SUGGERIMENTI PER IL PREDICATORE DEL VILLAGGIO
Salmi 49:14.
1. In proporzione alla prosperità degli empi qui, sarà la loro miseria nell'aldilà: come le pecore dal pascolo grasso condotte al macello.
2. In proporzione al lusso qui, sarà la loro corruzione nell'aldilà - La morte si nutrirà di loro: sono diventati ben nutriti perché la morte si nutra di loro.
3. In proporzione alla loro dignità qui, sarà la loro degradazione nell'aldilà - I retti avranno, ecc. Oh, che contrasto tra il ricco e Lazzaro allora!
4. In proporzione alla loro bellezza qui, sarà la loro deformità d'ora in poi. "Sei diventato come uno di noi?" G. R.
Salmi 49:14. Pecore, fino a che punto immaginano i malvagi.

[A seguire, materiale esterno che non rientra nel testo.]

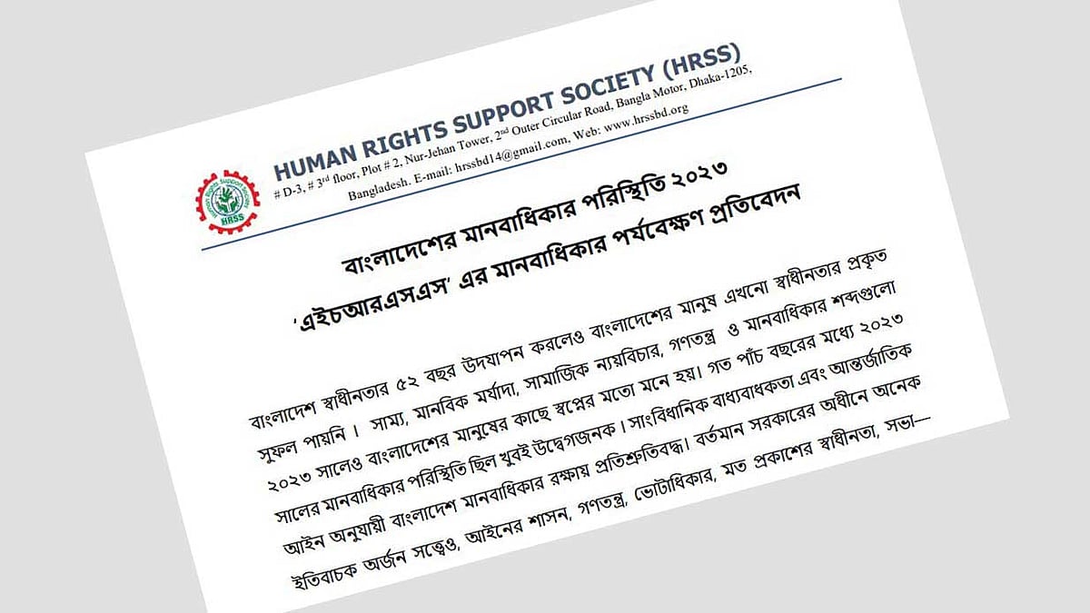 হিউম্যান রাইটস সাপোর্ট সোসাইটির (এইচআরএসএস) ‘মানবাধিকার পরিস্থিতি-২০২৩’ পর্যবেক্ষণ প্রতিবেদনে এ তথ্য উঠে এসেছে। আজ রোববার এইচআরএসএস সংবাদ বিজ্ঞপ্তি দিয়ে এ তথ্য জানিয়েছে।
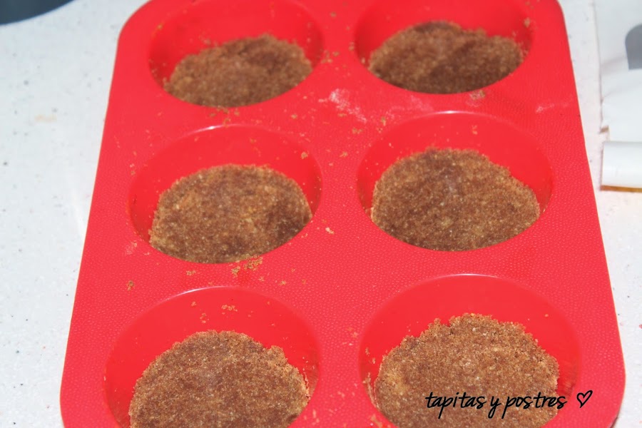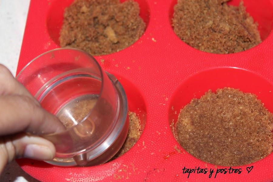 Ahora ponemos la misma cantidad en los huecos de un molde de magdalenas de silicona y las aplastamos con el cubilete. Que quede bien compacto.
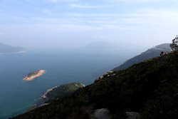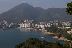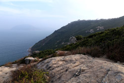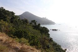 Heading deep into the countryside from Stanley village, a trail emerges next to the Stanley Fort bus terminus, skirting around the military base. Look back en route to see the village getting further and further away.
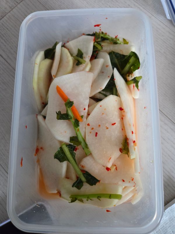 가을부터 겨울내내시켜먹고있는 무김치.내입에 딱이에요.무가 아삭하고 시원하니맛있어요.
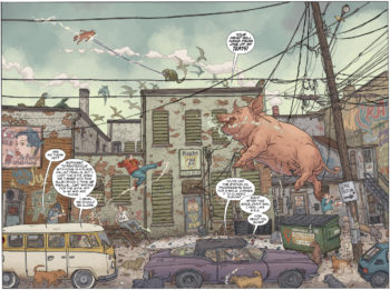 Quelle est la particularité du dessin de Geof Darrow ? C’est sa capacité à créer des planches d’une richesse et d’une précision incroyables. Chaque case est un véritable tableau, où le moindre détail est soigné et réaliste. Que ce soit les personnages, les décors, les objets ou les animaux, tout est dessiné avec un souci du réalisme et de la proportion. Le dessin de Darrow est un mélange d’influences européennes, notamment Moebius et Bilal, et de influences japonaises, notamment Otomo et Tezuka.

Salmi 49:14.== Al mattino. Guardate le varie profezie bibliche su ciò che accadrà "al mattino".
15 ESPOSIZIONE
Salmi 49:15.== Ma Dio redimerà la mia anima dal potere della tomba. Da quel luogo di riposo temporaneo verremo a tempo debito, vivificati dall'energia divina. Come il nostro Capo risorto non possiamo essere trattenuti dai legami della tomba; La redenzione ci ha emancipati dalla schiavitù della morte. L'uomo non potrebbe trovare alcuna redenzione nelle ricchezze, ma Dio l'ha trovata nel sangue del suo caro Figlio. Il nostro Fratello Maggiore ha dato a Dio un riscatto, e noi siamo i redenti del Signore; a causa di questa redenzione mediante il prezzo, saremo certamente riscattati con la potenza dalla mano dell'ultimo nemico. Perché egli mi accoglierà. Egli mi trarrà fuori dal sepolcro, mi porterà in cielo. Se non si dice di me come di Enoc: "Non era, perché Dio lo prese", tuttavia raggiungerò lo stesso stato glorioso. Dio accoglierà il mio spirito, e il mio corpo dormirà in Gesù finché, essendo risuscitato a sua immagine, sia anch'esso accolto nella gloria. Quanto è infinitamente superiore una tale speranza a tutto ciò che i nostri oppressori possono vantare! Ecco qualcosa che merita di essere meditato, e quindi fermiamoci di nuovo, su ordine del musicista, che inserisce un Selah.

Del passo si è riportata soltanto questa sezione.